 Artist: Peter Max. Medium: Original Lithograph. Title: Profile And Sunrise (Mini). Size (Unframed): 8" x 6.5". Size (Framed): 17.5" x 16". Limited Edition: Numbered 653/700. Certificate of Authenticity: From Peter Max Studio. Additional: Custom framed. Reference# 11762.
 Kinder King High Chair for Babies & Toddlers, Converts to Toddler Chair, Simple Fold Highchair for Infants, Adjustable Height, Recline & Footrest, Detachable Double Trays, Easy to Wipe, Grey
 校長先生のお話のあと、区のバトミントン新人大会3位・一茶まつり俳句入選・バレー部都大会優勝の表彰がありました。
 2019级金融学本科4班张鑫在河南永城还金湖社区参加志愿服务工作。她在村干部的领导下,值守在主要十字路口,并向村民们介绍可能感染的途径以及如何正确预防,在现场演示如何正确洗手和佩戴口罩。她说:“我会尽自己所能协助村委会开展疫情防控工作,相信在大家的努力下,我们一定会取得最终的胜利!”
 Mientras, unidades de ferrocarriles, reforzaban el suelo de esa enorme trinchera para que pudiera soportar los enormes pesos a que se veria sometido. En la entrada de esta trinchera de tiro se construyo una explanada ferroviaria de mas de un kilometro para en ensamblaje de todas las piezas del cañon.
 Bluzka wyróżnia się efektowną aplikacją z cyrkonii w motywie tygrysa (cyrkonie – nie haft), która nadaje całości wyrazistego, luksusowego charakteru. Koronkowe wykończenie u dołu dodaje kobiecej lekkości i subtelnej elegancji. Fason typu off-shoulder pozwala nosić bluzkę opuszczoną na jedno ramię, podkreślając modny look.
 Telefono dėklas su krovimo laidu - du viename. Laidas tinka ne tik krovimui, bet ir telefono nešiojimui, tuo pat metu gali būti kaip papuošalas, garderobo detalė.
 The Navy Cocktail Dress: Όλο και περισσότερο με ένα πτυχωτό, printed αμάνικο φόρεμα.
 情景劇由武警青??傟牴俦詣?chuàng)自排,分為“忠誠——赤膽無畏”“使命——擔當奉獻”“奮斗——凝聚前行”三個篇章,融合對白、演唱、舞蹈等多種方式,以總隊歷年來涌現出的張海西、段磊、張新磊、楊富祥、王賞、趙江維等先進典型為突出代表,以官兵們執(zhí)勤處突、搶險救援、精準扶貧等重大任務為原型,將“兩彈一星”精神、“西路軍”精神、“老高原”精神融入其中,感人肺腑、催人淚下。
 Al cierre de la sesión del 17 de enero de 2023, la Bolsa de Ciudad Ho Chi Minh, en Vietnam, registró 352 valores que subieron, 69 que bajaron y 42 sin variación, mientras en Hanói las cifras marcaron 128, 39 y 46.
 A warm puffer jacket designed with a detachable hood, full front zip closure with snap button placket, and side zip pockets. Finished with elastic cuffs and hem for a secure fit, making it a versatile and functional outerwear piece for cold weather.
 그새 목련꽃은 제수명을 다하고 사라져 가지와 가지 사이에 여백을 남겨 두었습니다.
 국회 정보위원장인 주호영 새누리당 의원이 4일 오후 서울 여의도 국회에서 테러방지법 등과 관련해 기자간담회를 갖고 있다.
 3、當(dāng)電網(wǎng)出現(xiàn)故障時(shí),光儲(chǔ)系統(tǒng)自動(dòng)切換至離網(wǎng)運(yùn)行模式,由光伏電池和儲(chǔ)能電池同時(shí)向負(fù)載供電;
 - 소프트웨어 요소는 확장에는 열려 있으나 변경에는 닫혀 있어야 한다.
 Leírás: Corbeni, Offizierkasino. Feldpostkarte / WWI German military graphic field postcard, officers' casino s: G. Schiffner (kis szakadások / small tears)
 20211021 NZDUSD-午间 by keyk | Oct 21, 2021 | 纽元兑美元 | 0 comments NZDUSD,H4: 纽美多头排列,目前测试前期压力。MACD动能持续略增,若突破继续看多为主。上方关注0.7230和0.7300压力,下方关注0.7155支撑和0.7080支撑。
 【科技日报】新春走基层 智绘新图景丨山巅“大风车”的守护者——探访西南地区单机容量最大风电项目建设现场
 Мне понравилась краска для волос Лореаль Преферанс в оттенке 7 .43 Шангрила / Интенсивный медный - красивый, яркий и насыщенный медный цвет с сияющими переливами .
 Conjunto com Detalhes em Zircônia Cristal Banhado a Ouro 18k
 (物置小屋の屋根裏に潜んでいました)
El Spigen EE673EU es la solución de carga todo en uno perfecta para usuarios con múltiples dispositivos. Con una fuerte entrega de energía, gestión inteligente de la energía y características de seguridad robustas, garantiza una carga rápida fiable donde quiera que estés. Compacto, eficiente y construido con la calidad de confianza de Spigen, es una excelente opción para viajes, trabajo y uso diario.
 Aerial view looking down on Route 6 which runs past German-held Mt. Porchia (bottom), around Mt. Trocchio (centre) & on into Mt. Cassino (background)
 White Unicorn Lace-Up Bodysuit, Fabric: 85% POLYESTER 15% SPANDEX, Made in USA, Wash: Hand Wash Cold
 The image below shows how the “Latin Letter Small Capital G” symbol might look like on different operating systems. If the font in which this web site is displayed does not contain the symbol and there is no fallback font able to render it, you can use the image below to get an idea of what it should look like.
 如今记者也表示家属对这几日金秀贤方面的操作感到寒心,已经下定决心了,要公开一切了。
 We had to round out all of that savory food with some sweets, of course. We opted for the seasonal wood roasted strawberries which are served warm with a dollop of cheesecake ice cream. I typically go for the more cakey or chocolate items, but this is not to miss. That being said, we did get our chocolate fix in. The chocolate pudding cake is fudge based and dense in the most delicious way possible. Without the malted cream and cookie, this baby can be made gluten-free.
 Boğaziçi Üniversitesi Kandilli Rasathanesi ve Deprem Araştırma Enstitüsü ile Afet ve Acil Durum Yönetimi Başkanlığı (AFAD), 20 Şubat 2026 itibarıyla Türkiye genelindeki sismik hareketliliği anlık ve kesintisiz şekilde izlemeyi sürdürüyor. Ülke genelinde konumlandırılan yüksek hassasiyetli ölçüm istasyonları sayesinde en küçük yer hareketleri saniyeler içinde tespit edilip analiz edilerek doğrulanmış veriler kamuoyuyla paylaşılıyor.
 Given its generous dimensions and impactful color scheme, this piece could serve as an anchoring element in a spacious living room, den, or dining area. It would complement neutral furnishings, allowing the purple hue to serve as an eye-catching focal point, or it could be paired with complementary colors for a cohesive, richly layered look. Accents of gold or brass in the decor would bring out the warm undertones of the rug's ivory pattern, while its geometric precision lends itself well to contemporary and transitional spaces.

════════════════

WHAT IS BEING ASKED. Top to bottom, the records above must be output exactly.

ANSWER.
 Artist: Peter Max. Medium: Original Lithograph. Title: Profile And Sunrise (Mini). Size (Unframed): 8" x 6.5". Size (Framed): 17.5" x 16". Limited Edition: Numbered 653/700. Certificate of Authenticity: From Peter Max Studio. Additional: Custom framed. Reference# 11762.
 Kinder King High Chair for Babies & Toddlers, Converts to Toddler Chair, Simple Fold Highchair for Infants, Adjustable Height, Recline & Footrest, Detachable Double Trays, Easy to Wipe, Grey
 校長先生のお話のあと、区のバトミントン新人大会3位・一茶まつり俳句入選・バレー部都大会優勝の表彰がありました。
 2019级金融学本科4班张鑫在河南永城还金湖社区参加志愿服务工作。她在村干部的领导下,值守在主要十字路口,并向村民们介绍可能感染的途径以及如何正确预防,在现场演示如何正确洗手和佩戴口罩。她说:“我会尽自己所能协助村委会开展疫情防控工作,相信在大家的努力下,我们一定会取得最终的胜利!”
 Mientras, unidades de ferrocarriles, reforzaban el suelo de esa enorme trinchera para que pudiera soportar los enormes pesos a que se veria sometido. En la entrada de esta trinchera de tiro se construyo una explanada ferroviaria de mas de un kilometro para en ensamblaje de todas las piezas del cañon.
 Bluzka wyróżnia się efektowną aplikacją z cyrkonii w motywie tygrysa (cyrkonie – nie haft), która nadaje całości wyrazistego, luksusowego charakteru. Koronkowe wykończenie u dołu dodaje kobiecej lekkości i subtelnej elegancji. Fason typu off-shoulder pozwala nosić bluzkę opuszczoną na jedno ramię, podkreślając modny look.
 Telefono dėklas su krovimo laidu - du viename. Laidas tinka ne tik krovimui, bet ir telefono nešiojimui, tuo pat metu gali būti kaip papuošalas, garderobo detalė.
 The Navy Cocktail Dress: Όλο και περισσότερο με ένα πτυχωτό, printed αμάνικο φόρεμα.
 情景劇由武警青??傟牴俦詣?chuàng)自排,分為“忠誠——赤膽無畏”“使命——擔當奉獻”“奮斗——凝聚前行”三個篇章,融合對白、演唱、舞蹈等多種方式,以總隊歷年來涌現出的張海西、段磊、張新磊、楊富祥、王賞、趙江維等先進典型為突出代表,以官兵們執(zhí)勤處突、搶險救援、精準扶貧等重大任務為原型,將“兩彈一星”精神、“西路軍”精神、“老高原”精神融入其中,感人肺腑、催人淚下。
 Al cierre de la sesión del 17 de enero de 2023, la Bolsa de Ciudad Ho Chi Minh, en Vietnam, registró 352 valores que subieron, 69 que bajaron y 42 sin variación, mientras en Hanói las cifras marcaron 128, 39 y 46.
 A warm puffer jacket designed with a detachable hood, full front zip closure with snap button placket, and side zip pockets. Finished with elastic cuffs and hem for a secure fit, making it a versatile and functional outerwear piece for cold weather.
 그새 목련꽃은 제수명을 다하고 사라져 가지와 가지 사이에 여백을 남겨 두었습니다.
 국회 정보위원장인 주호영 새누리당 의원이 4일 오후 서울 여의도 국회에서 테러방지법 등과 관련해 기자간담회를 갖고 있다.
 3、當(dāng)電網(wǎng)出現(xiàn)故障時(shí),光儲(chǔ)系統(tǒng)自動(dòng)切換至離網(wǎng)運(yùn)行模式,由光伏電池和儲(chǔ)能電池同時(shí)向負(fù)載供電;
 - 소프트웨어 요소는 확장에는 열려 있으나 변경에는 닫혀 있어야 한다.
 Leírás: Corbeni, Offizierkasino. Feldpostkarte / WWI German military graphic field postcard, officers' casino s: G. Schiffner (kis szakadások / small tears)
 20211021 NZDUSD-午间 by keyk | Oct 21, 2021 | 纽元兑美元 | 0 comments NZDUSD,H4: 纽美多头排列,目前测试前期压力。MACD动能持续略增,若突破继续看多为主。上方关注0.7230和0.7300压力,下方关注0.7155支撑和0.7080支撑。
 【科技日报】新春走基层 智绘新图景丨山巅“大风车”的守护者——探访西南地区单机容量最大风电项目建设现场
 Мне понравилась краска для волос Лореаль Преферанс в оттенке 7 .43 Шангрила / Интенсивный медный - красивый, яркий и насыщенный медный цвет с сияющими переливами .
 Conjunto com Detalhes em Zircônia Cristal Banhado a Ouro 18k
 (物置小屋の屋根裏に潜んでいました)
El Spigen EE673EU es la solución de carga todo en uno perfecta para usuarios con múltiples dispositivos. Con una fuerte entrega de energía, gestión inteligente de la energía y características de seguridad robustas, garantiza una carga rápida fiable donde quiera que estés. Compacto, eficiente y construido con la calidad de confianza de Spigen, es una excelente opción para viajes, trabajo y uso diario.
 Aerial view looking down on Route 6 which runs past German-held Mt. Porchia (bottom), around Mt. Trocchio (centre) & on into Mt. Cassino (background)
 White Unicorn Lace-Up Bodysuit, Fabric: 85% POLYESTER 15% SPANDEX, Made in USA, Wash: Hand Wash Cold
 The image below shows how the “Latin Letter Small Capital G” symbol might look like on different operating systems. If the font in which this web site is displayed does not contain the symbol and there is no fallback font able to render it, you can use the image below to get an idea of what it should look like.
 如今记者也表示家属对这几日金秀贤方面的操作感到寒心,已经下定决心了,要公开一切了。
 We had to round out all of that savory food with some sweets, of course. We opted for the seasonal wood roasted strawberries which are served warm with a dollop of cheesecake ice cream. I typically go for the more cakey or chocolate items, but this is not to miss. That being said, we did get our chocolate fix in. The chocolate pudding cake is fudge based and dense in the most delicious way possible. Without the malted cream and cookie, this baby can be made gluten-free.
 Boğaziçi Üniversitesi Kandilli Rasathanesi ve Deprem Araştırma Enstitüsü ile Afet ve Acil Durum Yönetimi Başkanlığı (AFAD), 20 Şubat 2026 itibarıyla Türkiye genelindeki sismik hareketliliği anlık ve kesintisiz şekilde izlemeyi sürdürüyor. Ülke genelinde konumlandırılan yüksek hassasiyetli ölçüm istasyonları sayesinde en küçük yer hareketleri saniyeler içinde tespit edilip analiz edilerek doğrulanmış veriler kamuoyuyla paylaşılıyor.
 Given its generous dimensions and impactful color scheme, this piece could serve as an anchoring element in a spacious living room, den, or dining area. It would complement neutral furnishings, allowing the purple hue to serve as an eye-catching focal point, or it could be paired with complementary colors for a cohesive, richly layered look. Accents of gold or brass in the decor would bring out the warm undertones of the rug's ivory pattern, while its geometric precision lends itself well to contemporary and transitional spaces.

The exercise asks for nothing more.